* **Work instruction**:
In the records below, the relevant part opens with the line containing "首先用PS把这张图片打开,默" and closes with the line containing "必杀首饰每件都有内伤等级,套"; print that part exactly and only, without its pictures.

Start of Records for processing

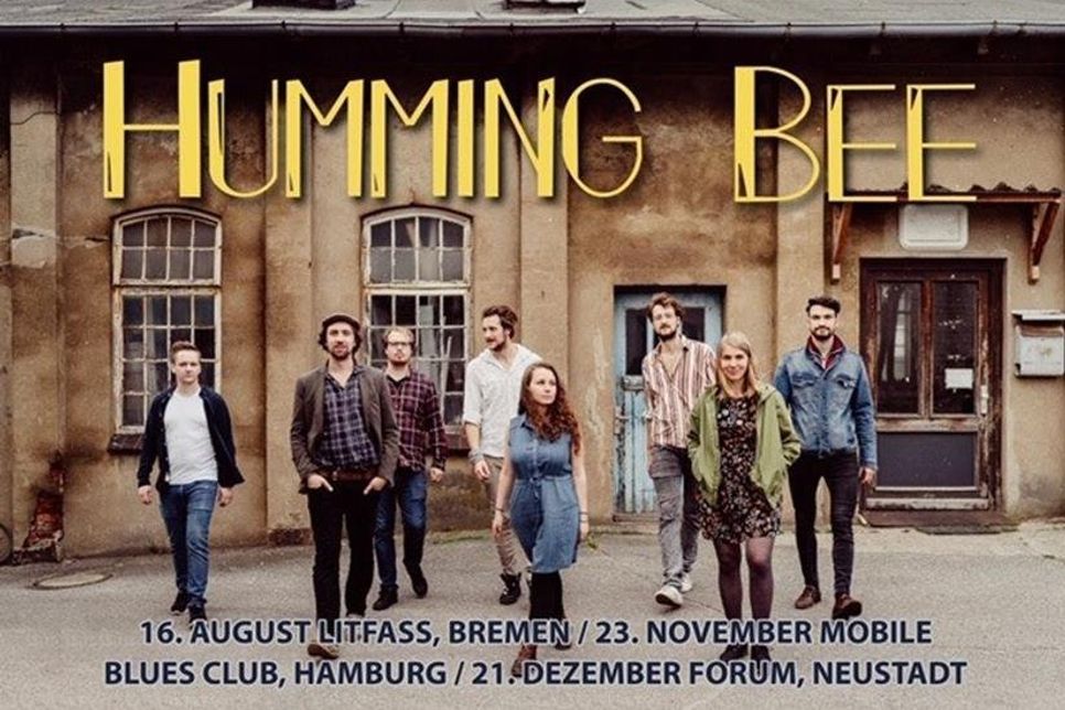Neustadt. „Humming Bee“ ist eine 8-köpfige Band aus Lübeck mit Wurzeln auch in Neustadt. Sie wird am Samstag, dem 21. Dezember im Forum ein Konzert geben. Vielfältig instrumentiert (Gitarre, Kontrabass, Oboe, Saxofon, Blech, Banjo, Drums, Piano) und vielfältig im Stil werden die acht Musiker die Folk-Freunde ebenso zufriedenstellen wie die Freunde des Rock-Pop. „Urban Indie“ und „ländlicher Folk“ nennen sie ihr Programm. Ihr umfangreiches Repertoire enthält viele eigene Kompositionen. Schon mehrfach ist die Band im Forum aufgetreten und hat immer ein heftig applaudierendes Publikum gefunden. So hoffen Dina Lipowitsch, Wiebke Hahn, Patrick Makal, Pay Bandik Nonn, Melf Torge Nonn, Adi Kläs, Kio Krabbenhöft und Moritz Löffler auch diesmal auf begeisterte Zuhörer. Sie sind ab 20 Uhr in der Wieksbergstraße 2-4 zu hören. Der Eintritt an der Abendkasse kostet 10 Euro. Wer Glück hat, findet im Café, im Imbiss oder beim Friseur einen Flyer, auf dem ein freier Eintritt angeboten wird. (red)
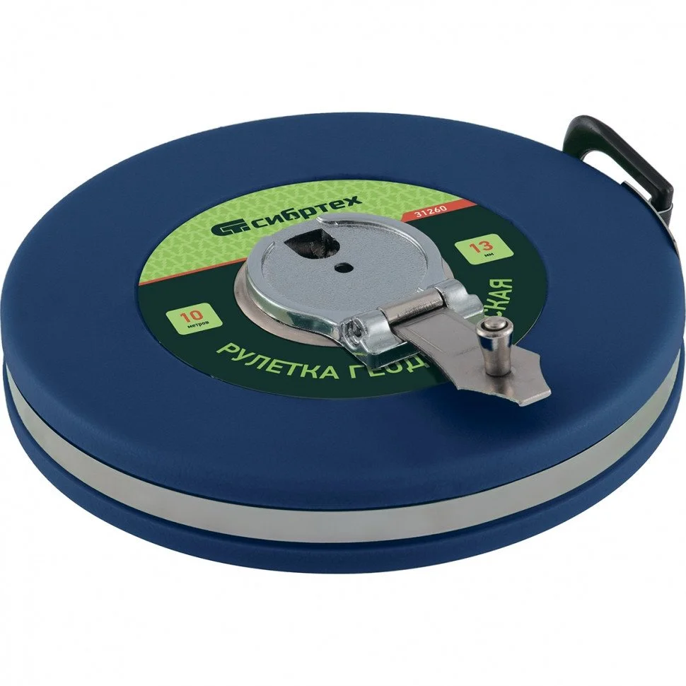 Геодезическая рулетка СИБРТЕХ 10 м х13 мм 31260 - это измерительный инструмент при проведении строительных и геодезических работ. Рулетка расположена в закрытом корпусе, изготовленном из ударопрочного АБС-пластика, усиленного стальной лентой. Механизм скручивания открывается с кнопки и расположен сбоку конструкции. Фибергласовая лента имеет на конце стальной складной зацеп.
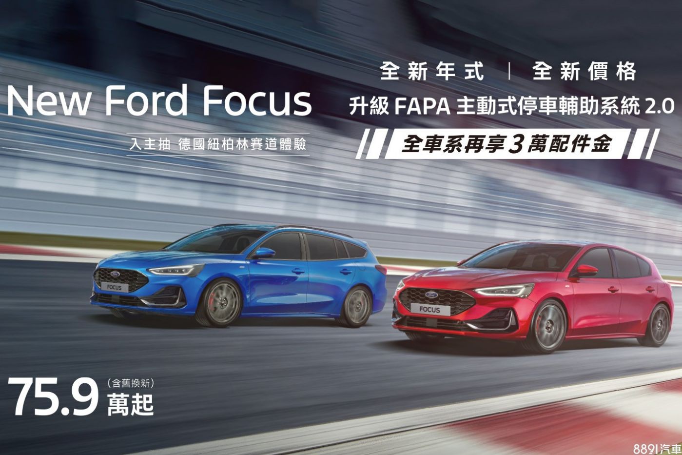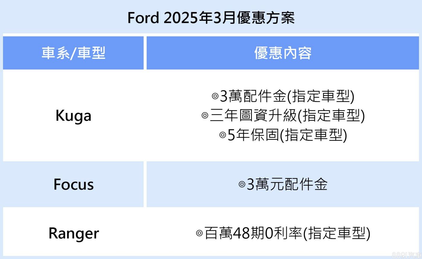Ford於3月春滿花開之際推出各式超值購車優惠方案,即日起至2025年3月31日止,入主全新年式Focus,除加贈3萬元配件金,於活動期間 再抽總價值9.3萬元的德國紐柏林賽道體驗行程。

End of Records for processing
Start of Records for processing

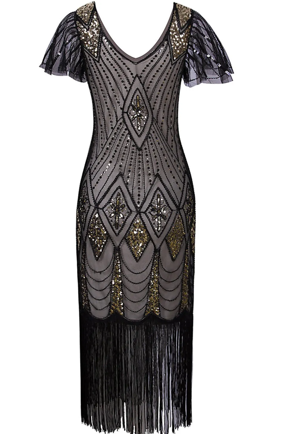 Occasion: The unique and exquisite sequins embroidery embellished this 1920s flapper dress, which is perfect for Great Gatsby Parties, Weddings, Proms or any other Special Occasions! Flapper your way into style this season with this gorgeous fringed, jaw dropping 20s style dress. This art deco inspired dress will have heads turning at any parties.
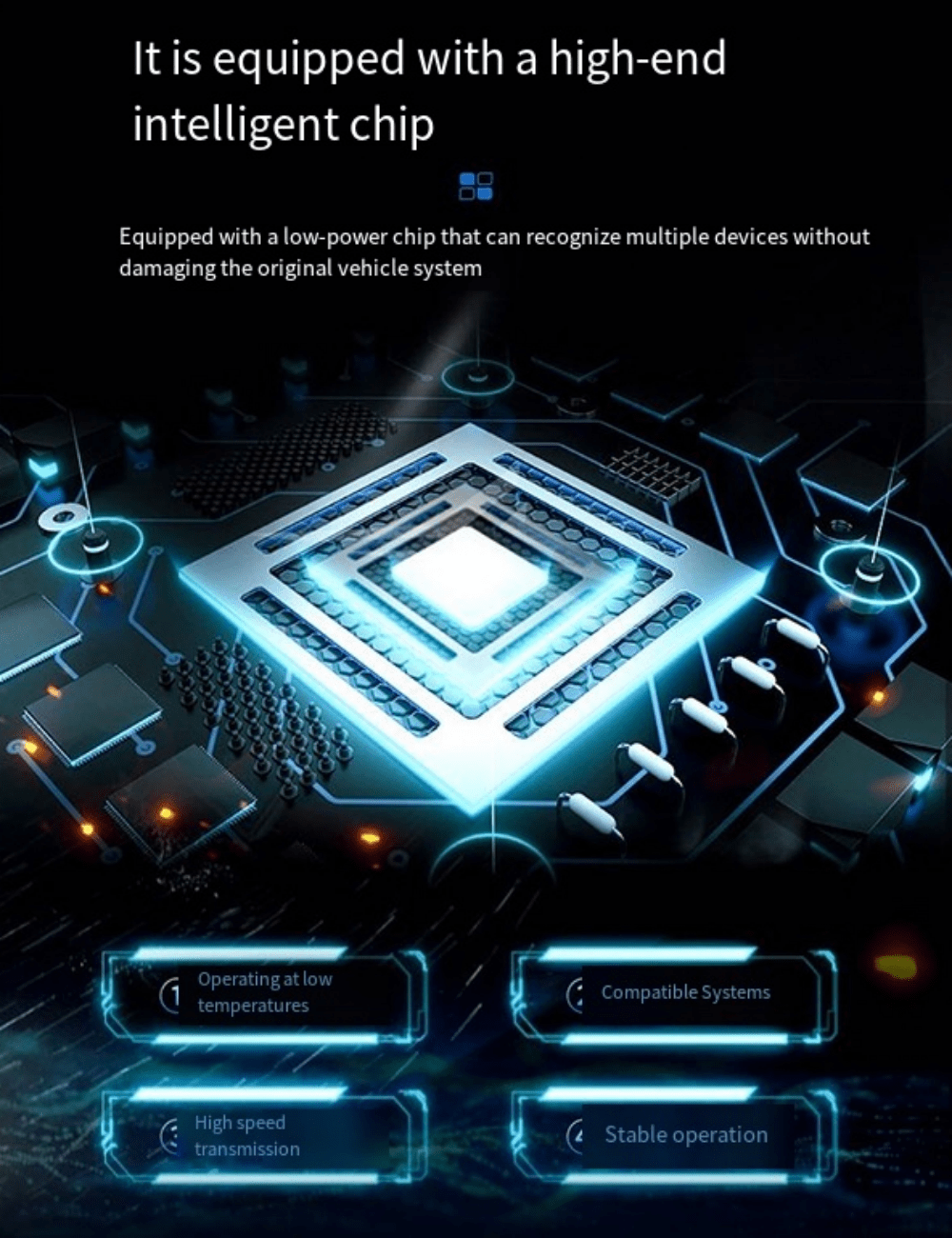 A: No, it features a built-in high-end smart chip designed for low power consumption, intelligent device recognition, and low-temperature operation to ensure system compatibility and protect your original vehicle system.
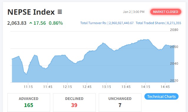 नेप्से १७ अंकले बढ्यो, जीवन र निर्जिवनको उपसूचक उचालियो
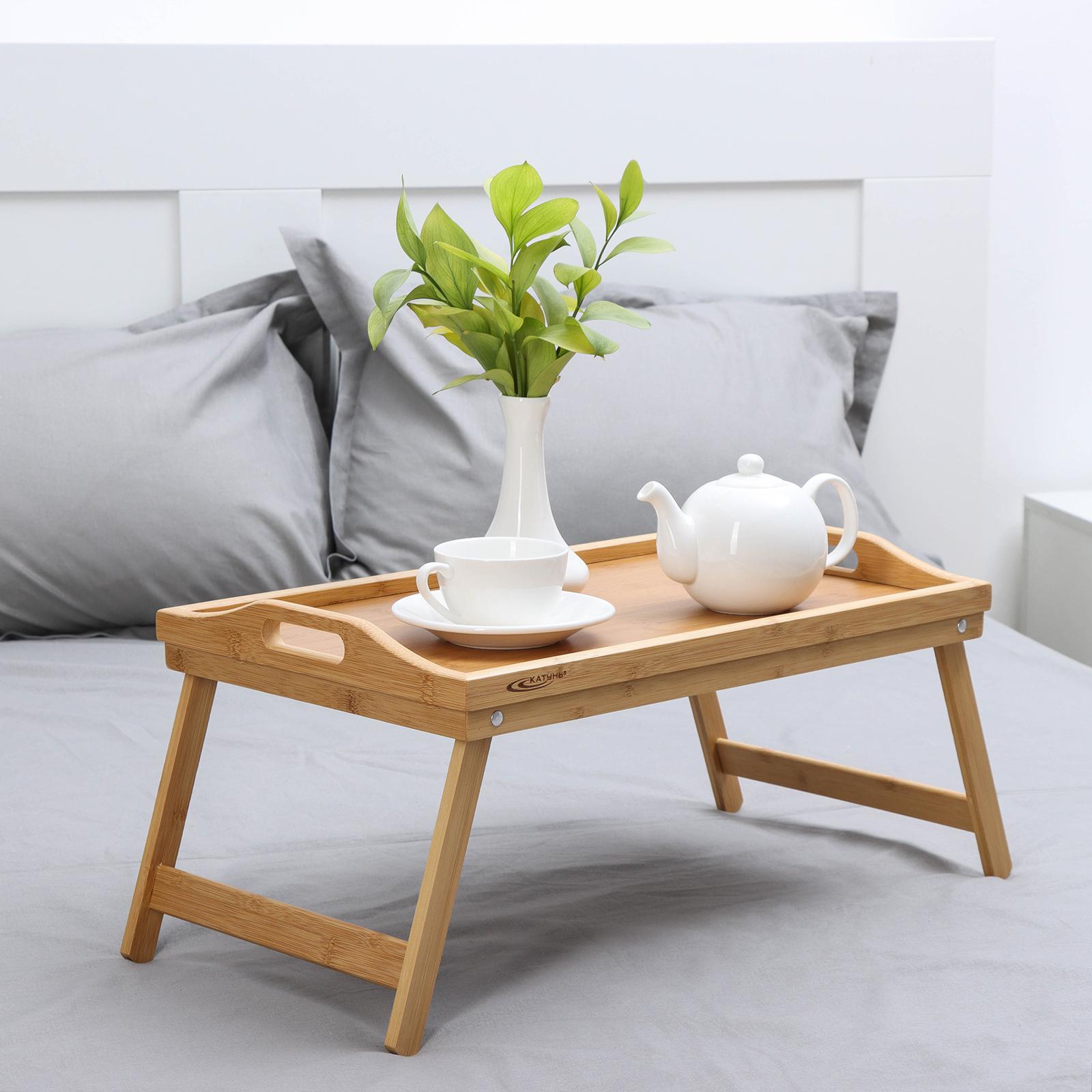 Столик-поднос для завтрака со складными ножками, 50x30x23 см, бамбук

End of Records for processing
Start of Records for processing

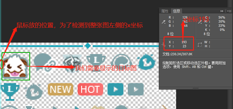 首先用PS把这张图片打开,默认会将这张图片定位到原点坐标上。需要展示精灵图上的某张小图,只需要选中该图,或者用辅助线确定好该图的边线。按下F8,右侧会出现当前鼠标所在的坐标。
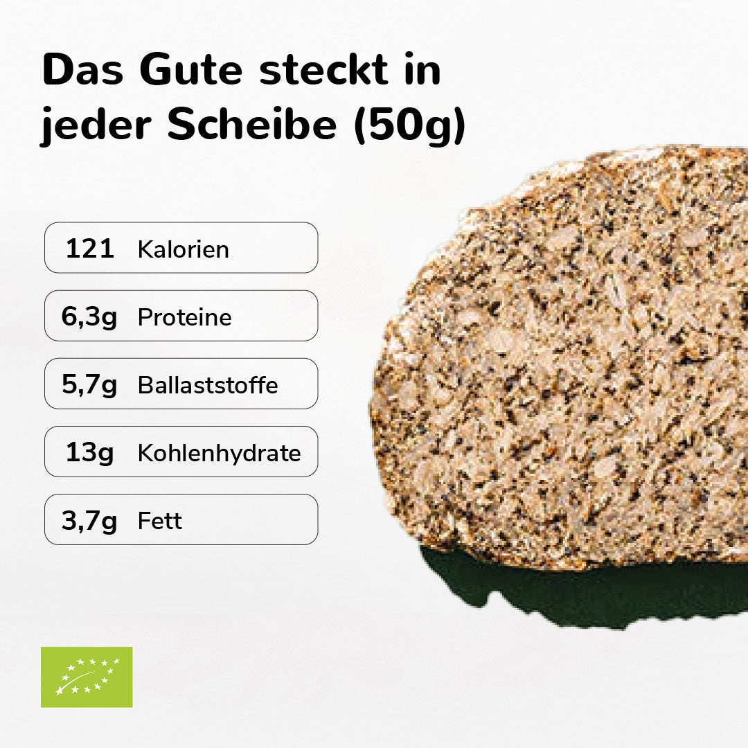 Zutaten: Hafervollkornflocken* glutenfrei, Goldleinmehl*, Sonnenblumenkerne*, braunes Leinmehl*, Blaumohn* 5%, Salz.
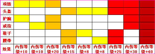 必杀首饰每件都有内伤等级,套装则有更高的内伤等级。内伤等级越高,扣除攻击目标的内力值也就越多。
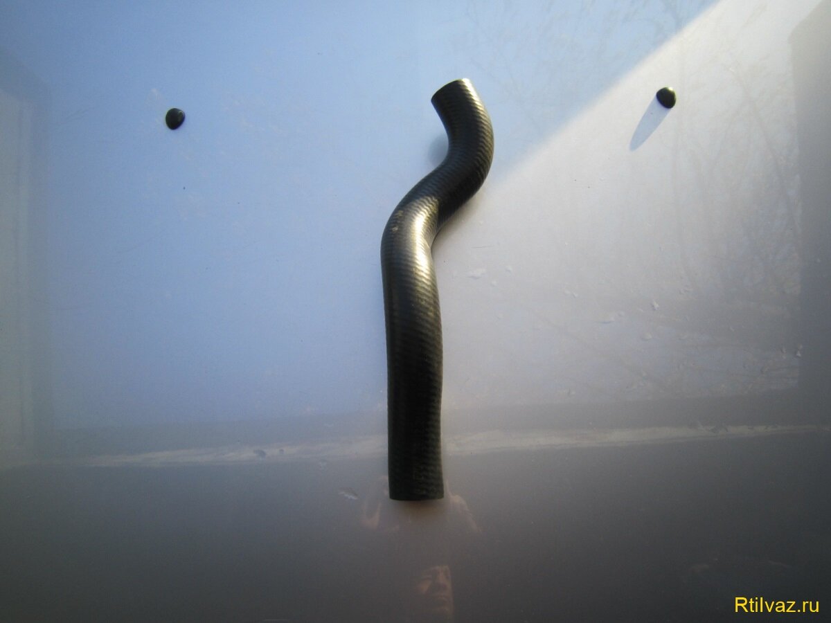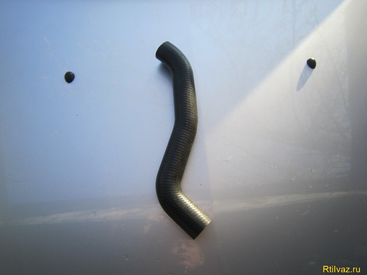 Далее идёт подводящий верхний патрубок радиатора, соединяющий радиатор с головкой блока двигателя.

End of Records for processing

* **Written reply**:
 首先用PS把这张图片打开,默认会将这张图片定位到原点坐标上。需要展示精灵图上的某张小图,只需要选中该图,或者用辅助线确定好该图的边线。按下F8,右侧会出现当前鼠标所在的坐标。
 Zutaten: Hafervollkornflocken* glutenfrei, Goldleinmehl*, Sonnenblumenkerne*, braunes Leinmehl*, Blaumohn* 5%, Salz.
 必杀首饰每件都有内伤等级,套装则有更高的内伤等级。内伤等级越高,扣除攻击目标的内力值也就越多。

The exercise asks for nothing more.